19 March 2013 Given the risks in Arab States of earthquakes, landslides and other disasters, hundreds of senior officials and civil society leaders are meeting at the first United Nations-backed conference for the region aimed at agreeing on a common position on disaster risk reduction.
“Arab countries have made significant progress on the development front over the past decades,” said Jordan Ryan, Director of the Bureau for Crisis Prevention and Recovery at the UN Development Programme (UNDP).
“However, such gains are put in jeopardy because of weak systems for disaster preparedness, which make the population vulnerable to a multitude of environmental disasters, especially in urban areas.”
Over the course of three days, participants at the First Arab Conference on Disaster Risk Reduction, being held in Aqaba, Jordan, will work on creating benchmarks for reducing disaster risk in their cities. The conference is expected to transition into a consultative forum which meets on a regular basis, according to organizers.

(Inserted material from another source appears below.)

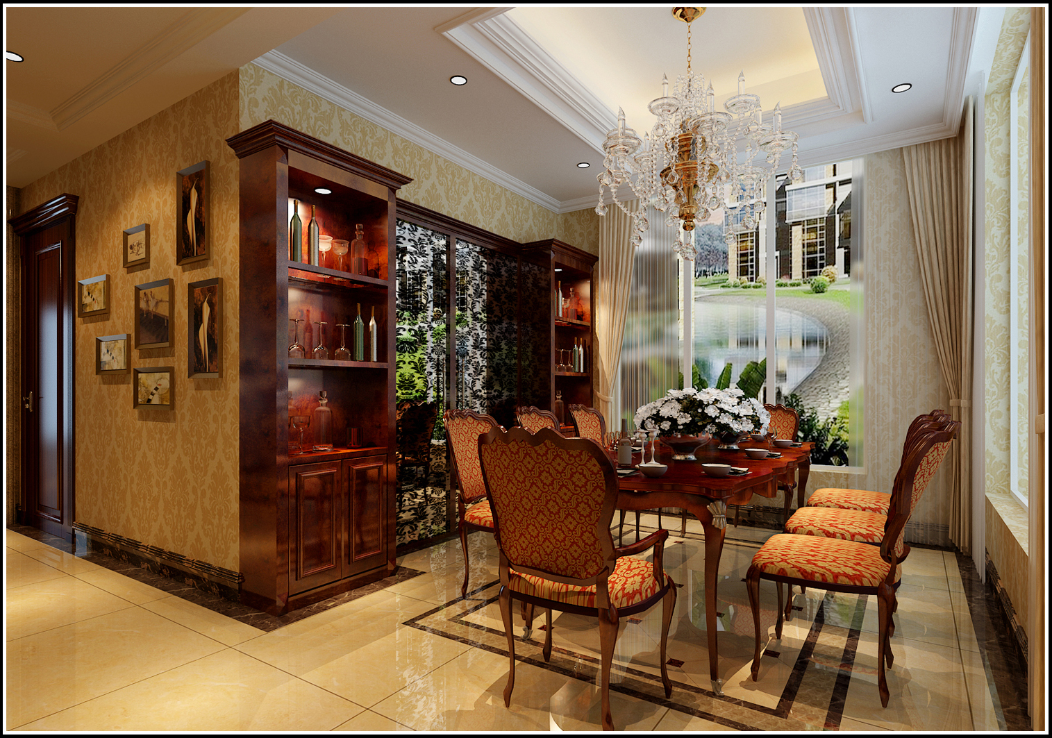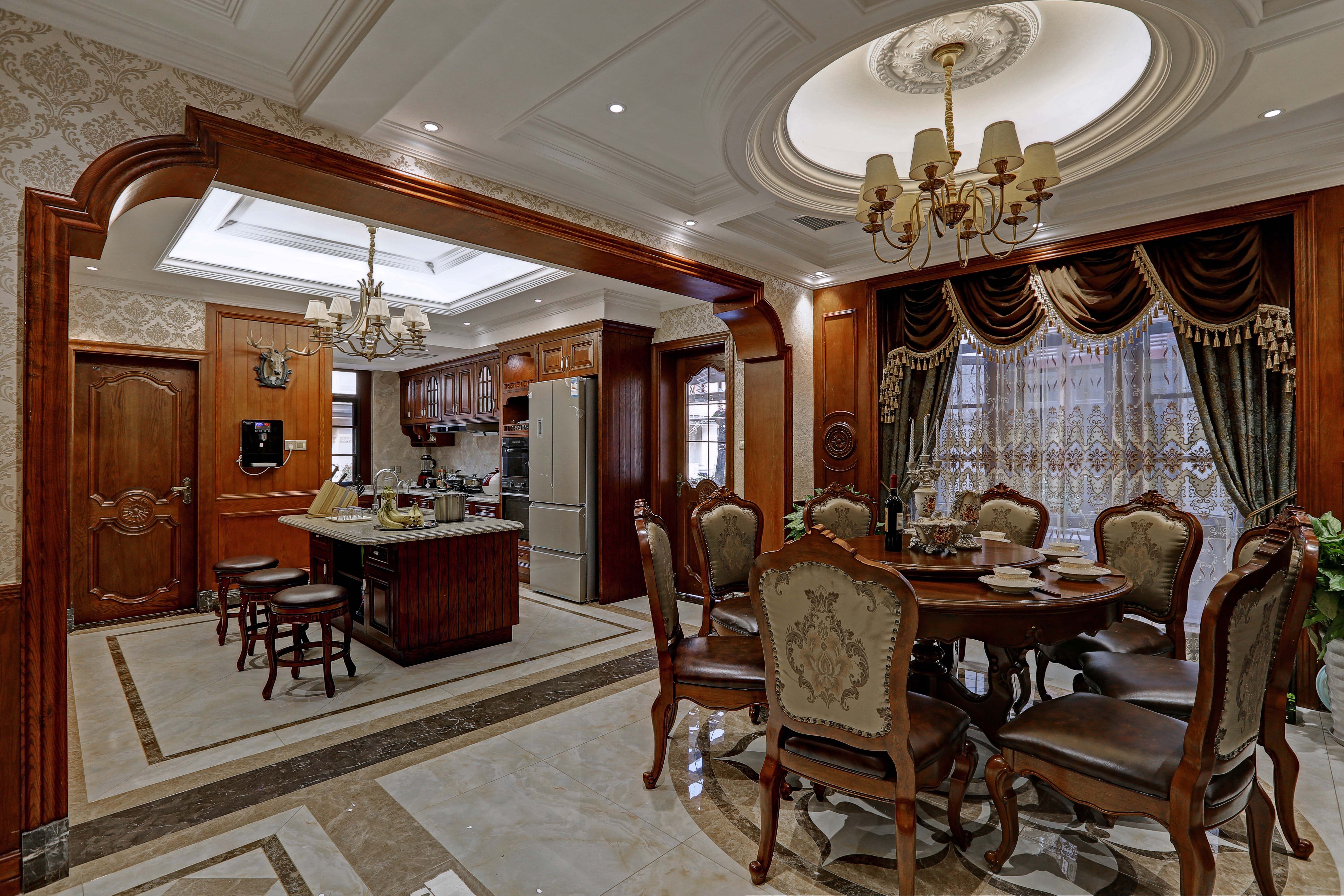 前言: 本案通过墙面、地面色彩的合理融合,运用灯光的光合效果,让客厅空间凸显出辉煌的格调,让整个空间折射出高贵大气的布局。充分考虑业主的喜好、需求,将持久、魅力、沉淀、古朴不同的设计主张合理运用于不同性质的空间中,给每个空间营造出多层次的时代感。

“A shocking absence of enforced building construction standards, a sharp rise in urban poverty, and the growing and unchecked impact of climate change are among other factors that must make us even more determined to act decisively,” Princess Sumaya bint El Hassan, President of the Royal Scientific Society and co-host of the conference, said in her opening statement.
Addressing national ministers, senior government officials, city mayors, and representatives of civil society, bilateral development agencies and the UN, Princess Sumaya said the meeting comes at a crucial time in the Arab world and necessitates a disaster risk plan specifically suited for the region.

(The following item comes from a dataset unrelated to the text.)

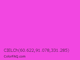 CIELCh 60.622,91.078,331.285 Color is a light magenta color and the nearest color is Purple Pizzazz #fe4eda. Hex code #f247e1 and RGB value is rgb(242,71,225). In RGB color space, this color is composed of 95% red, 28% green, 88% blue, In CMYK color space, this color is composed of 0% cyan, 71% magenta, 7% yellow , 5% black , In HSL color space, this color has a hue angle of 306° , 87% saturation and 61% lightness.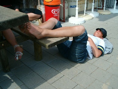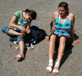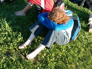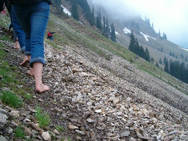 auf der Karte ganz harmlos aus, aber weit gefehlt! Vielleicht lag es daran, dass wir alle schon meinten, wir seien im Ziel. Viel wahrscheinlicher ist aber die Tatsache, dass auf diesem 2 km langen Streckenabschnitt die spitzigsten Steine der Welt liegen. Alle Barfüssler litten Höllenqualen, aber, und das ist das Wichtigste, sie gaben nicht auf! |

Different parts of the Arab region are regularly exposed to a number of risks, according to the UN Office for Disaster Risk Reduction (UNISDR), which co-organized the conference, along with UNDP, the League of Arab States and partners.
In addition to earthquakes and landslides, regional risks include flash floods, extreme temperature events, drought, sand storms, wildfires and cyclones.
Over the last 30 years in the Arab States, more than 164,000 people were killed, 70 million people affected and reported economic damages of $19.2 billion due to disasters triggered by natural hazards, according to the latest data provided to UNISDR by the Belgium-based Centre for Research on the Epidemiology of Disasters (CRED).
“UNISDR is encouraged to see the Arab States coming together to discuss disaster risk reduction and create a regional platform. The timing could not be better as we are looking forward to the Arab region making a significant contribution towards revising and renewing the existing framework for disaster risk reduction, the Hyogo Framework for Action,” said the Special Representative of the Secretary-General for Disaster Risk Reduction and head of UNISDR, Margareta Wahlström.
The goal of the Hyogo Framework for Action is to substantially reduce disaster losses by 2015 by building the resilience of nations and communities to disasters. It will be discussed at the Global Platform for Disaster Risk Reduction in Geneva starting on 19 May. The outcome from the Arab conference now underway will be presented during the meeting.